World leaders aim to lift gloom in climate change fight
Andrew Hammond, Associate at LSE IDEAS at the London School of Economics/Arab News
French President Emmanuel Macron will next week co-host the “One Planet” summit at the UN in New York. The landmark event, which will see both government and private sector leaders in attendance, is intended to offer a jolt of optimism at a time when there is growing pessimism about the battle to tackle climate change. There is not just the ongoing tragedy of increased deforestation in the Amazon. In addition, more and more data is alarming climate scientists such as Sir David King, who asserted on Monday that extreme events linked to global warming are occurring sooner than forecast and that the resulting weather phenomenon are “scary.”

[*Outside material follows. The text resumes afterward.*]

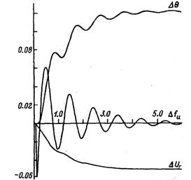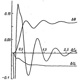 Для подтверждения полученных результатов на рис. 3.9, 3.10 приведены переходные процессы, выполненные с помощью ППП «Модель» при точном моделировании динамических свойств регуляторов и возбудителей. Видно, что при настройках, выбранных по изложенной методике, качество регулирования оказывается именно таким, как предполагалось.

The One Planet summit — which is also co-hosted by UN Secretary-General Antonio Guterres, former World Bank Group President Jim Yong Kim, and UN Special Envoy for Climate Action Michael Bloomberg — comes not long before the fourth anniversary of the landmark agreement struck at the 2015 Paris climate change summit. Much attention since then has focused on the backlash against Paris by populist leaders like US President Donald Trump and Brazilian President Jair Bolsonaro. They are clearly fighting a rearguard action, albeit one that has the potential to significantly hold back efforts to tackle global warming. One manifestation of the reality of changing attitudes about climate change is the growth of domestic climate legislation and regulation adopted by nations, as regular studies published by the Grantham Research Institute at the London School of Economics and Political Science reveal. Seen as part of the big picture of the period since the Kyoto Protocol was agreed in 1997, the number of global
warming laws and policies in the approximately 100 countries under review by the Grantham Research Institute has grown from 54 to more than 800; and there are also very important climate measures in place in key sub-national areas, including cities. One of the consequences of this is the growing possibility of what may ultimately become a truly global carbon-trading market — a potentially game-changing economic and political development, in which Asia-Pacific is leading the charge. Already, more than three dozen countries and more than 20 cities, states and provinces across the world use carbon-pricing mechanisms or are planning to do so. While much attention inevitably focuses on the 28-country EU scheme — currently the largest in the world — there is fast-paced action right across the world. In Asia-Pacific, for instance, the Paris deal was signed into law as early as 2016 by multiple key countries, including Australia, Bangladesh, China, India, Indonesia, Japan, Kazakhstan, Malaysia, New Zealand, South Korea, Singapore, Sri Lanka, Thailand, and Vietnam. The fact that Asia-Pacific is helping lead the way in this area is underlined by China’s planned national emissions trading system, which will probably eventually surpass the size of the EU’s. However, China is far from alone in moving in this direction in Asia-Pacific. For instance, Kazakhstan introduced a carbon-trading scheme in 2012, becoming the first Asian country to do so, while Vietnam and South Korea also have similar schemes. And this all comes in the context of China’s own moves toward a carbon-trading scheme. In 2014, Beijing embraced a “National Plan for Tackling Climate Change,” which includes a target to, by 2020, cut carbon emissions per unit of gross domestic product by between 40 and 45 percent from 2005 levels. At the heart of these promising developments is growing belief that carbon trading is the most economically efficient way to meet the political ambition of reducing emissions of greenhouse gases. Along with other countries in the region, this represents what could become an Asia-Pacific carbon-trading hub in the battle against global warming. Going forward, this system may, in turn, be linked with the EU scheme, which has been widely studied by international policymakers, as they consider the design of their own programs.